Piotr Łachtiuk continued to study the art of music. He was in love with bandura and singing from an early age, which motivated him to practise. As he mentioned, he practised every day for several hours and composed music pieces for bandura. He looked for contacts with other performers, corresponded with other musicians from Ukraine in order to perfect his bandura skills. A particular role in his musical education was played by the Ukrainian artist Mikoła Kołesa. He used to say that bandura is the “soul and the heart of the Ukrainian nation”. Piotr Łachtiuk was very much involved in the organisational life of the Ukrainian minority. He held the secretary post in the Ukrainian Social and Cultural Association in Szczecin. He wrote regularly for “Nasze Słowo”. He led a number of bandura ensembles over the years and he was able to pass on the love for the instrument in every place he resided. He started to compose pieces for bandura, and in his repertuar there were over 200 pieces, 150 of which were recorded. They were sent to Canada and the USA.

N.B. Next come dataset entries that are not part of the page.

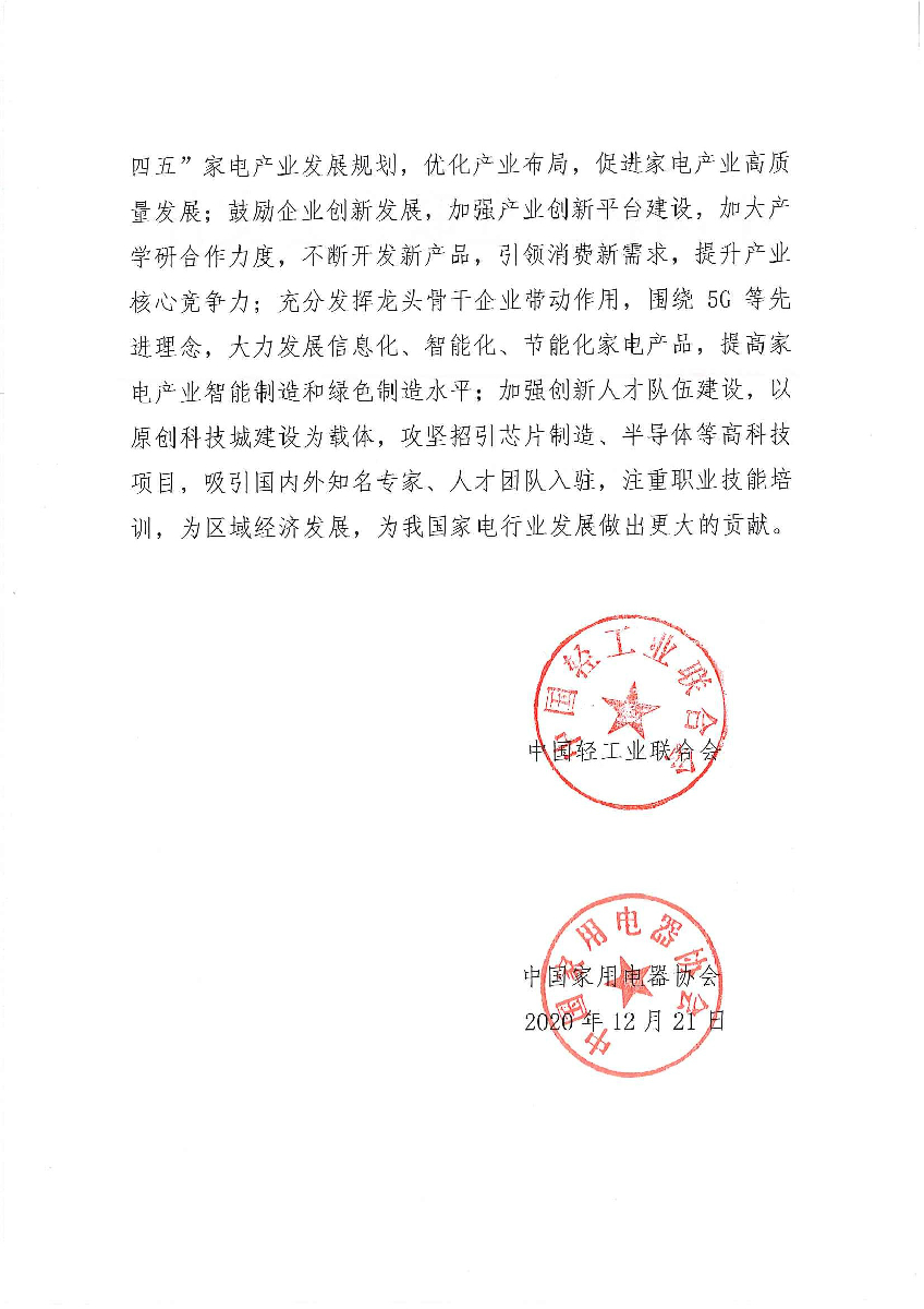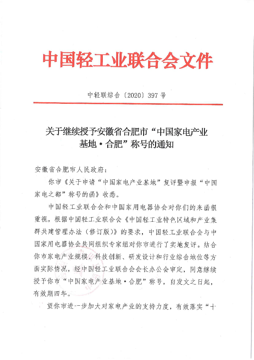 关于继续授予安徽省合肥市“中国家电产业基地·合肥”称号的通知
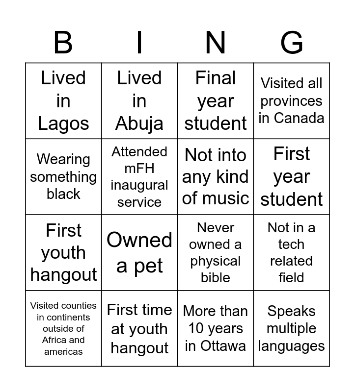 This bingo card has 18 words: Owned a pet, Speaks multiple languages, Final year student, Lived in Lagos, Never owned a physical bible, Visited all provinces in Canada, Visited counties in continents outside of Africa and americas, Lived in Abuja, First year student, First youth hangout, More than 10 years in Ottawa, Wearing something black, Not in a tech related field, Attended mFH inaugural service, Not into any kind of music, Not a pizza person, First time at youth hangout and Not in a tech related field.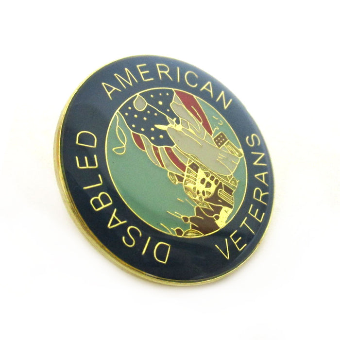 This stunning jewelry quality of Disabled American Veteran lapel pin is a must have for your collection. Made of brass with gold plating, this pin is 1" Diameter in size and has the official disabled american veteran colors in vivid enamel.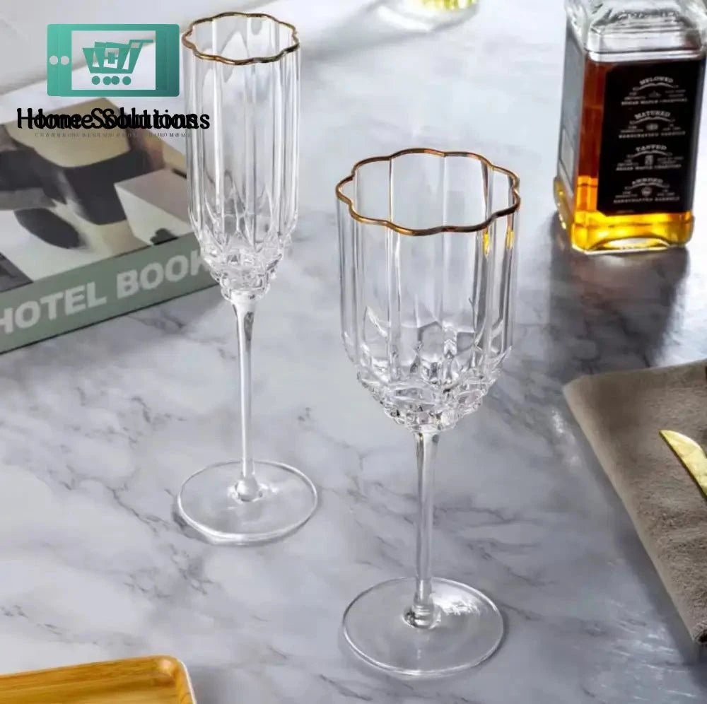 Flower Bud Crystal Goblets and Fluet Glass – Set of 6

Majority of the pieces performed had an original character, however he kept it a secret. A great support for his musical activity he received from his wife, with whom he spent 40 years. He revealed his real name to his wife after 36 years of their life together. As Olga Łaska recalls: “My husband said, thet his mother prayed for her to be his wife”. Piotr Łachtiuk passed away on 18th of October in 2001 in Szczecin. Until the very end he played his beloved instrument and his bandura was finally placed to rest in the glass display case in the Center of Ukrainian Culture.